## What to produce
The response must consist of the lines below from the one with "それから,メインの岩田山モン" through the one with "- [11933891]V10 2典藏", exactly as they appear and with both ends kept.

## Supplied records

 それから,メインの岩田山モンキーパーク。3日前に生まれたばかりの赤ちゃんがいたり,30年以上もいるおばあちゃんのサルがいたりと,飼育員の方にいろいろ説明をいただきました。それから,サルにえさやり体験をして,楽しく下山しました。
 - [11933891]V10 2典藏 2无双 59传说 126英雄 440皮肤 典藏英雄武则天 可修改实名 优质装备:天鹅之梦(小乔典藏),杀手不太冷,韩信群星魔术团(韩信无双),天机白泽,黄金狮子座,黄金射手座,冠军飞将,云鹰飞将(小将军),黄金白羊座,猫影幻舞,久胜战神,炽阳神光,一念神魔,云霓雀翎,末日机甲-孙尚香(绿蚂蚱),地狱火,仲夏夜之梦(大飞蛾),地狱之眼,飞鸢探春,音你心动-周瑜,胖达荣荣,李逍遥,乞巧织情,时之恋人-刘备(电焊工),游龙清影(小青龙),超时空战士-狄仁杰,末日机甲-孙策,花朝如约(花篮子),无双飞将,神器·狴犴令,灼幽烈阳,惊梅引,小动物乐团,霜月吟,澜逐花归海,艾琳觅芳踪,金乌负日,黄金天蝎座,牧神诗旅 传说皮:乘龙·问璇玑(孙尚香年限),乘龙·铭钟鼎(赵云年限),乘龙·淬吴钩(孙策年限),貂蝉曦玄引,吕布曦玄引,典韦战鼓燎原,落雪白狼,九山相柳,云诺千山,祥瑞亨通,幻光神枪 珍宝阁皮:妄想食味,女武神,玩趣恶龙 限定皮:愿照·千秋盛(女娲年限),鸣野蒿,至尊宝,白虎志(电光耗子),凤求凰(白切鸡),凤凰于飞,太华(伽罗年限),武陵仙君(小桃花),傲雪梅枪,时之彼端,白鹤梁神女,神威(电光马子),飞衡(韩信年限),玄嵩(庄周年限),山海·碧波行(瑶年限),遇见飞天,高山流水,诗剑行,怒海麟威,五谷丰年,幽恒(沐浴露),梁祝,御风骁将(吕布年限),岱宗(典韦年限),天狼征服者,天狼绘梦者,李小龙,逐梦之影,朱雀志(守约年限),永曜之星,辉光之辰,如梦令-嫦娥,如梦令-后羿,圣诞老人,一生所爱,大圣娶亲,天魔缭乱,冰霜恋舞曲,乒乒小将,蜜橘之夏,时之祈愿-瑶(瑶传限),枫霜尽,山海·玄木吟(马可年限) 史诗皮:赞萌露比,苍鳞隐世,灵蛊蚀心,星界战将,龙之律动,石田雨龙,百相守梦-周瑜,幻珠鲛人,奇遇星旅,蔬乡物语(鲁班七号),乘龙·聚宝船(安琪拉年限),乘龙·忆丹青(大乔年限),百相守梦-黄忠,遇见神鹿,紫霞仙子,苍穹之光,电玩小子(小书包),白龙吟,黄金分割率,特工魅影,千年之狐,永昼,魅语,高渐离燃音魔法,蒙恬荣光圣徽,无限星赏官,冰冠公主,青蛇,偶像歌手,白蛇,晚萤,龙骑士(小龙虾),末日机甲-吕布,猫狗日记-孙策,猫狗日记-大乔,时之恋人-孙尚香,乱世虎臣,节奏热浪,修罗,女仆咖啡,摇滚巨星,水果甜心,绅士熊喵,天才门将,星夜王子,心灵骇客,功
---
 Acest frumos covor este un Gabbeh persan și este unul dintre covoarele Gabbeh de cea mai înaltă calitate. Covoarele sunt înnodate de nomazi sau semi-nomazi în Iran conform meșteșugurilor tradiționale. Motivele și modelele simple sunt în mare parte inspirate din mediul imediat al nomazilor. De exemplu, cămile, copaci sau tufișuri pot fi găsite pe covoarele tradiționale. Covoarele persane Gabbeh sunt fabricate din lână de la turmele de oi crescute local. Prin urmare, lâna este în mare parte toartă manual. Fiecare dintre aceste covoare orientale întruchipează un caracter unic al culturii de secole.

## Answer to this exercise
 それから,メインの岩田山モンキーパーク。3日前に生まれたばかりの赤ちゃんがいたり,30年以上もいるおばあちゃんのサルがいたりと,飼育員の方にいろいろ説明をいただきました。それから,サルにえさやり体験をして,楽しく下山しました。
 - [11933891]V10 2典藏 2无双 59传说 126英雄 440皮肤 典藏英雄武则天 可修改实名 优质装备:天鹅之梦(小乔典藏),杀手不太冷,韩信群星魔术团(韩信无双),天机白泽,黄金狮子座,黄金射手座,冠军飞将,云鹰飞将(小将军),黄金白羊座,猫影幻舞,久胜战神,炽阳神光,一念神魔,云霓雀翎,末日机甲-孙尚香(绿蚂蚱),地狱火,仲夏夜之梦(大飞蛾),地狱之眼,飞鸢探春,音你心动-周瑜,胖达荣荣,李逍遥,乞巧织情,时之恋人-刘备(电焊工),游龙清影(小青龙),超时空战士-狄仁杰,末日机甲-孙策,花朝如约(花篮子),无双飞将,神器·狴犴令,灼幽烈阳,惊梅引,小动物乐团,霜月吟,澜逐花归海,艾琳觅芳踪,金乌负日,黄金天蝎座,牧神诗旅 传说皮:乘龙·问璇玑(孙尚香年限),乘龙·铭钟鼎(赵云年限),乘龙·淬吴钩(孙策年限),貂蝉曦玄引,吕布曦玄引,典韦战鼓燎原,落雪白狼,九山相柳,云诺千山,祥瑞亨通,幻光神枪 珍宝阁皮:妄想食味,女武神,玩趣恶龙 限定皮:愿照·千秋盛(女娲年限),鸣野蒿,至尊宝,白虎志(电光耗子),凤求凰(白切鸡),凤凰于飞,太华(伽罗年限),武陵仙君(小桃花),傲雪梅枪,时之彼端,白鹤梁神女,神威(电光马子),飞衡(韩信年限),玄嵩(庄周年限),山海·碧波行(瑶年限),遇见飞天,高山流水,诗剑行,怒海麟威,五谷丰年,幽恒(沐浴露),梁祝,御风骁将(吕布年限),岱宗(典韦年限),天狼征服者,天狼绘梦者,李小龙,逐梦之影,朱雀志(守约年限),永曜之星,辉光之辰,如梦令-嫦娥,如梦令-后羿,圣诞老人,一生所爱,大圣娶亲,天魔缭乱,冰霜恋舞曲,乒乒小将,蜜橘之夏,时之祈愿-瑶(瑶传限),枫霜尽,山海·玄木吟(马可年限) 史诗皮:赞萌露比,苍鳞隐世,灵蛊蚀心,星界战将,龙之律动,石田雨龙,百相守梦-周瑜,幻珠鲛人,奇遇星旅,蔬乡物语(鲁班七号),乘龙·聚宝船(安琪拉年限),乘龙·忆丹青(大乔年限),百相守梦-黄忠,遇见神鹿,紫霞仙子,苍穹之光,电玩小子(小书包),白龙吟,黄金分割率,特工魅影,千年之狐,永昼,魅语,高渐离燃音魔法,蒙恬荣光圣徽,无限星赏官,冰冠公主,青蛇,偶像歌手,白蛇,晚萤,龙骑士(小龙虾),末日机甲-吕布,猫狗日记-孙策,猫狗日记-大乔,时之恋人-孙尚香,乱世虎臣,节奏热浪,修罗,女仆咖啡,摇滚巨星,水果甜心,绅士熊喵,天才门将,星夜王子,心灵骇客,功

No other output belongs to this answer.